Chinese winegrowers have learnt quickly that reducing yields of Cabernet Gernischt can help physiological ripeness and using other Bordeaux varietals in the blend softens or adds structure.  Getting their Cabernet varietals to ripen is a big challenge in Shandong – and the Chinese experiment with residual sugar levels and added tannins to help create approachable styles.

Pula Valley Winery Chateau Yantai ChinaSainsbury’s say they are aiming to broaden customers’ horizons.  With China the second largest producer of grapes in the world (ahead of France) – it was only a matter of time before UK supermarkets would start listing western-style Asian wines.

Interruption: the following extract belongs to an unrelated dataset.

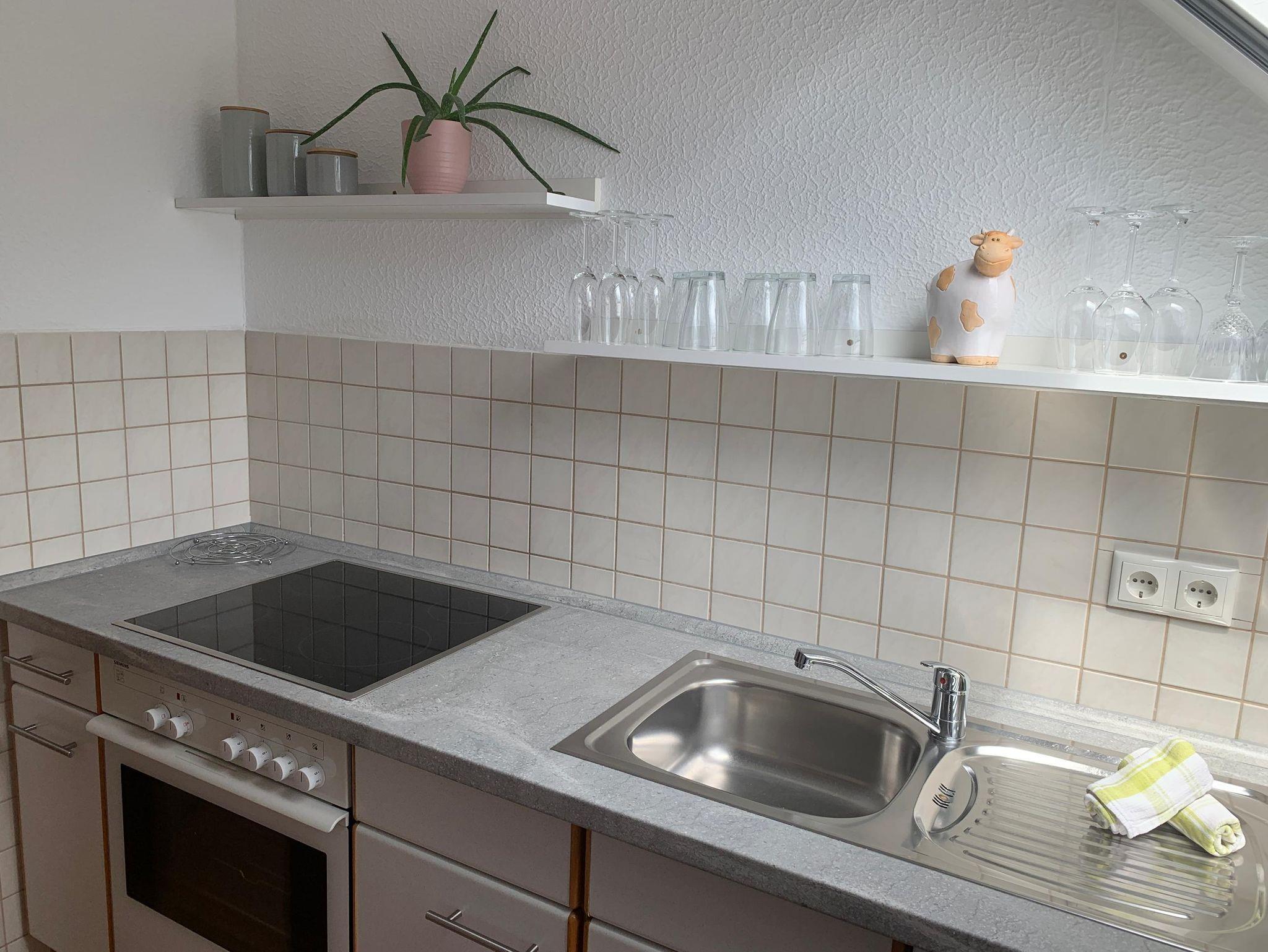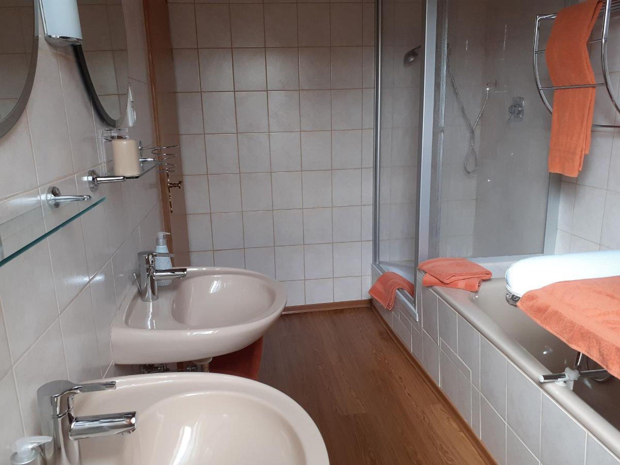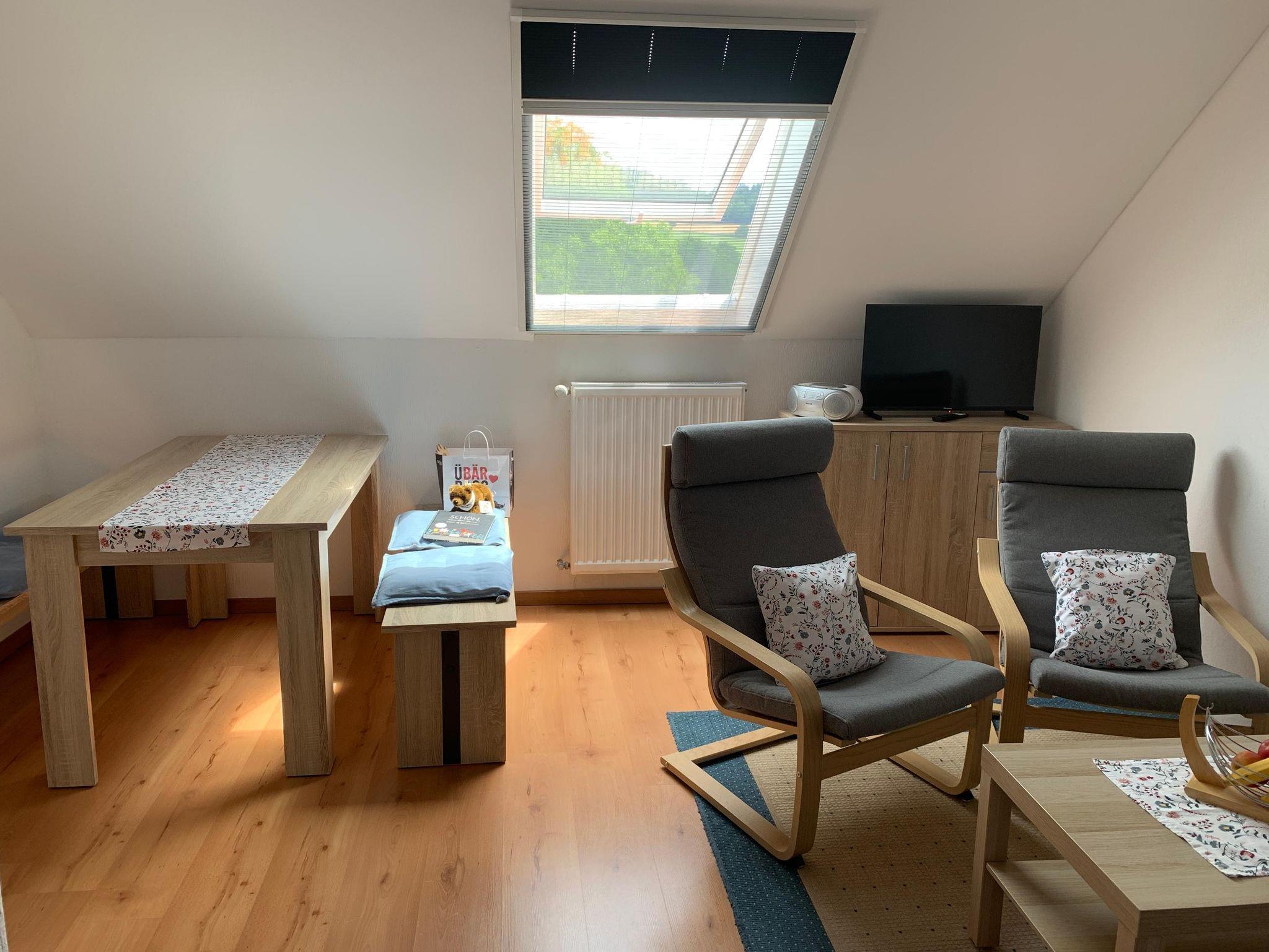 So richtig gemütlich ist unsere Mansardenwohnung im Bauernhaus. Sie ist geeignet für bis zu 4 Personen (ca. 65 qm) und ist mit 2 Schlafzimmern (Elternschlafzimmer mit Doppelbett, Kinderzimmer mit Etagenbett , einem extra Wohnzimmer mit gemütlicher Couch, Kabel-TV und Essecke; einer voll ausgestatteten Küche und einem großen Bad mit Badewanne, Dusche und 2 Waschbecken; sowie einem extra WC ausgestattet. Kostenloses WLAN, ein separater Eingang und ein gemütlicher Freisitz mit Gartenmöbeln gehören ebenfalls dazu. Eigener Eingang, sowie große überdachte Gemeinschaftsterrasse.

“For anyone who usually enjoys traditional Cabernet Sauvignon blends from Bordeaux then this is a good option to broaden your horizons. It will go brilliantly with both Asian meat-based dishes as well as a traditional English roast” says Georgia Nidd of Sainsbury’s.


CHANGYU NOBLE DRAGON 2013
Alcohol: 12%
Grapes: Cabernet Gernischt with Cabernet Sauvignon
Price: £8
Stockist: Sainsbury’s

Tasting note: Herbal blackfruit aromas will remind you initially of claret, but there the similarity ends.  The palate is light, initially sweet generous ripe herby fruits, cedary hints from small oak maturation.  The mid-palate is leafy with earthy notes and dry with brusque tannins on the finish.  I found it surprisingly drinkable and was impressed by the improved quality since my last visit to Changyu in Yantai.  Definitely worth a try.